-- WHAT TO PRODUCE --
Would you transcribe the whole listing exactly, minus its pictures?

-- GIVEN INFORMATION --
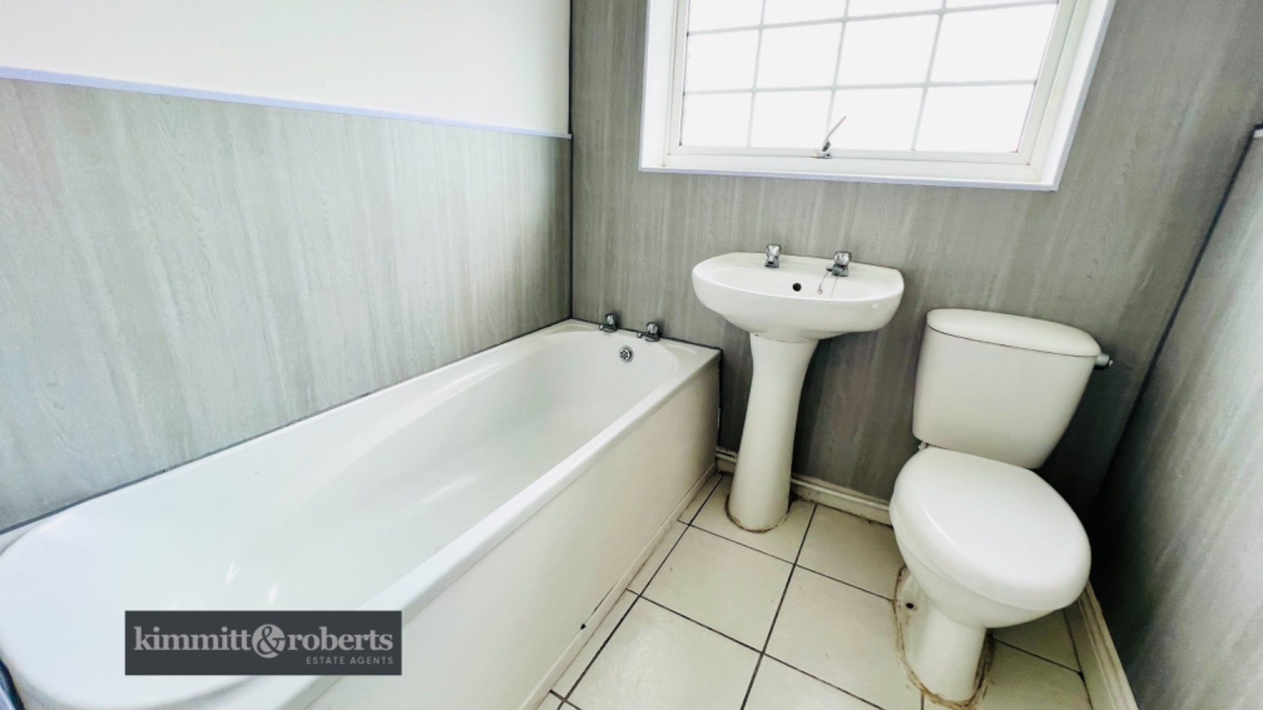 Bathroomhaving panel bath, w.c., wash hand basin, tiled walls, tiled floor and double glazed window'
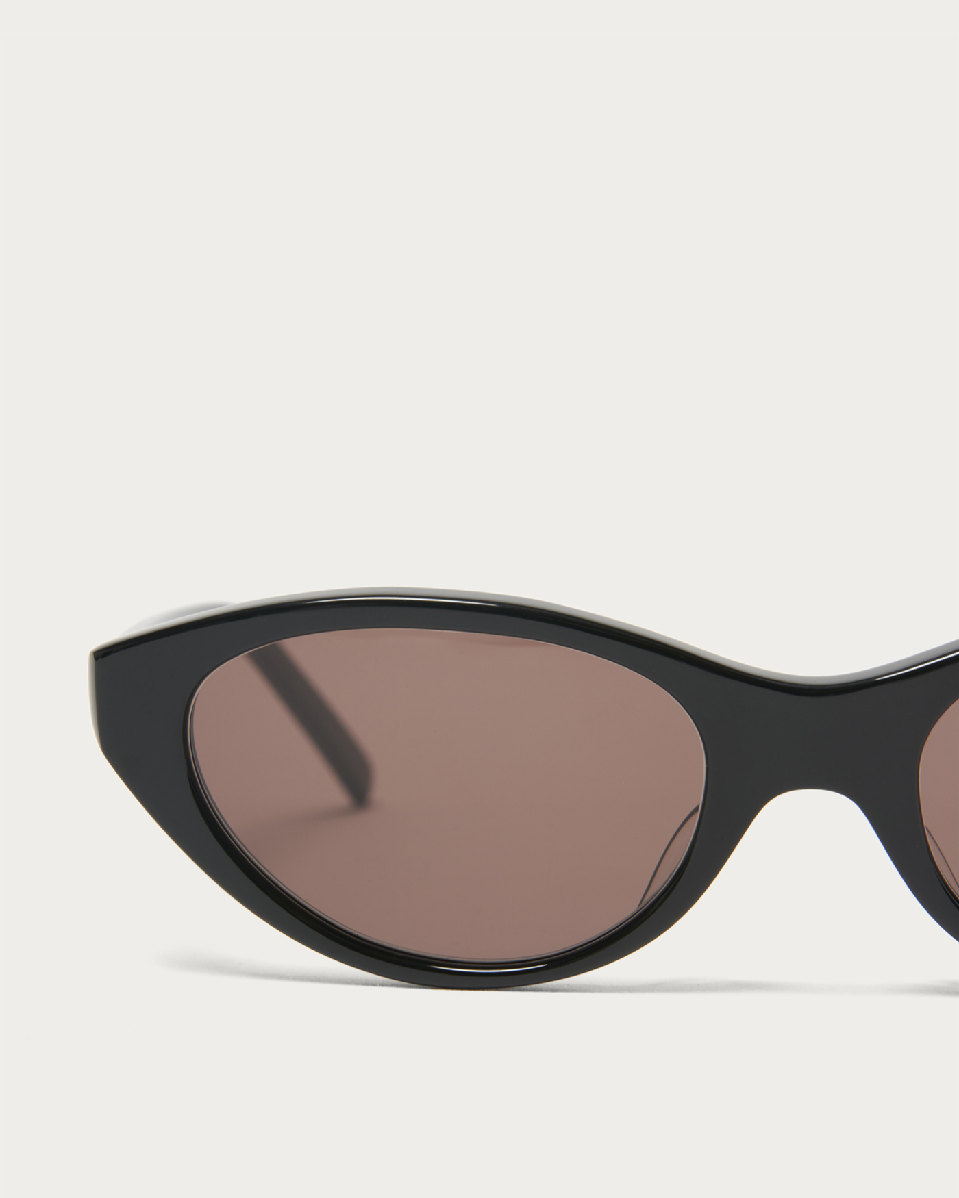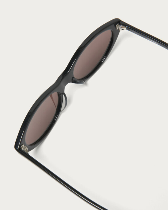 〈金子眼鏡〉と〈アティセッション〉の別注モデル。型からオリジナルで作成した浅くシャープなシルエットに、90年代のムードがあふれます。
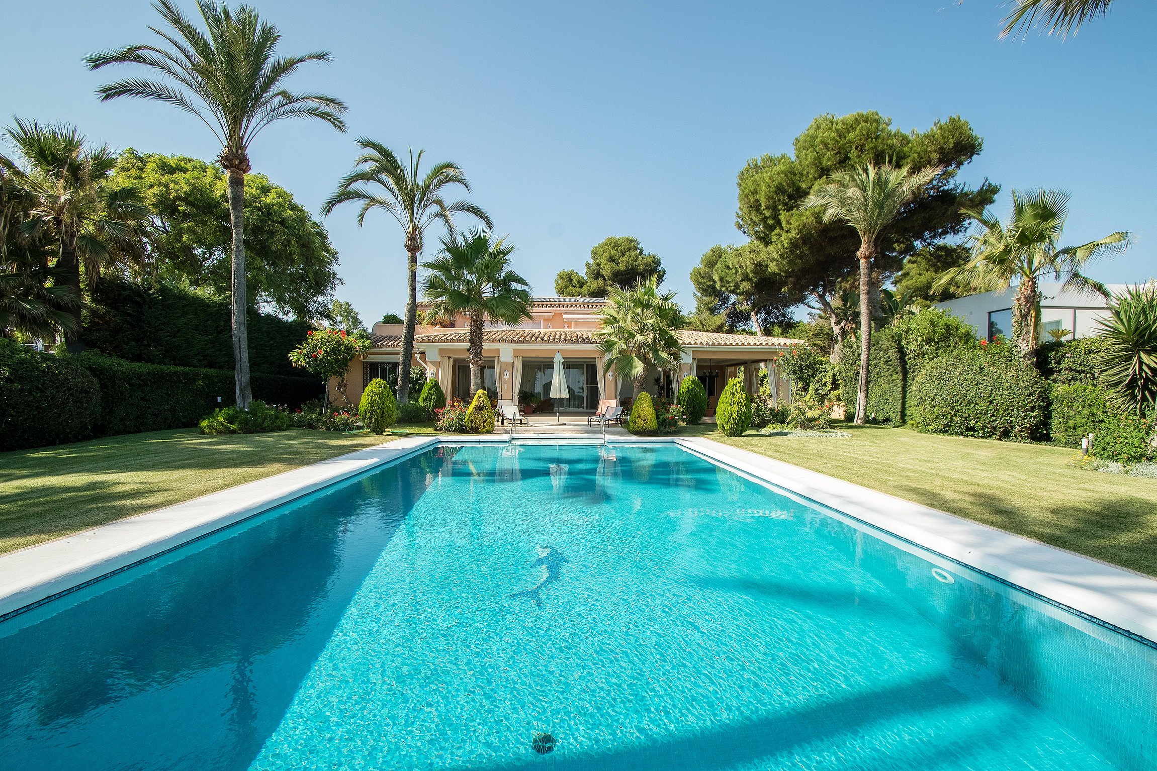 This unique property is situated on a prime 1st-line beach plot in the trendy and luxury area of El Paraiso. Set within an expansive 5,000 m² estate—a rarity in the holiday rental market—this villa offers direct private access to the sand, surrounded by modern luxury villas in a quiet, high-end neighborhood.
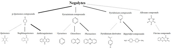 The physicochemical and electrochemical properties of organic electroactive compounds are easily and effectively modified by functional groups to improve cell performance. The highly tailorable properties of organic molecules are their big advantage, but such a process alters the toxicity, which is unknown and difficult to predict for the. obtained derivative. However, some similarities regarding the toxicological behavior have been observed related to the appearance of a given moiety in an organic molecule. The introduction of a halogen atom into organic compounds is generally associated with an increase in the toxicity of the obtained derivative [90,91]. Moreover, the bigger number of halogen substituents potentially increases the health hazards from the given analogue molecule. Additionally, the positions of the halogens relative to each other are also an important consideration. Very few halogenated compounds occur naturally. Most are produced synthetically in the laboratory or as a result of industrial processes. The toxicity of a derivative generally increases as the size of the halogen atom decreases. Moreover, halogen and hydroxy groups together give rise to highly poisonous substances considerably more effective than when present separately.

-- RESULT OF THE EXERCISE --
 Bathroomhaving panel bath, w.c., wash hand basin, tiled walls, tiled floor and double glazed window'
 〈金子眼鏡〉と〈アティセッション〉の別注モデル。型からオリジナルで作成した浅くシャープなシルエットに、90年代のムードがあふれます。
 This unique property is situated on a prime 1st-line beach plot in the trendy and luxury area of El Paraiso. Set within an expansive 5,000 m² estate—a rarity in the holiday rental market—this villa offers direct private access to the sand, surrounded by modern luxury villas in a quiet, high-end neighborhood.
 The physicochemical and electrochemical properties of organic electroactive compounds are easily and effectively modified by functional groups to improve cell performance. The highly tailorable properties of organic molecules are their big advantage, but such a process alters the toxicity, which is unknown and difficult to predict for the. obtained derivative. However, some similarities regarding the toxicological behavior have been observed related to the appearance of a given moiety in an organic molecule. The introduction of a halogen atom into organic compounds is generally associated with an increase in the toxicity of the obtained derivative [90,91]. Moreover, the bigger number of halogen substituents potentially increases the health hazards from the given analogue molecule. Additionally, the positions of the halogens relative to each other are also an important consideration. Very few halogenated compounds occur naturally. Most are produced synthetically in the laboratory or as a result of industrial processes. The toxicity of a derivative generally increases as the size of the halogen atom decreases. Moreover, halogen and hydroxy groups together give rise to highly poisonous substances considerably more effective than when present separately.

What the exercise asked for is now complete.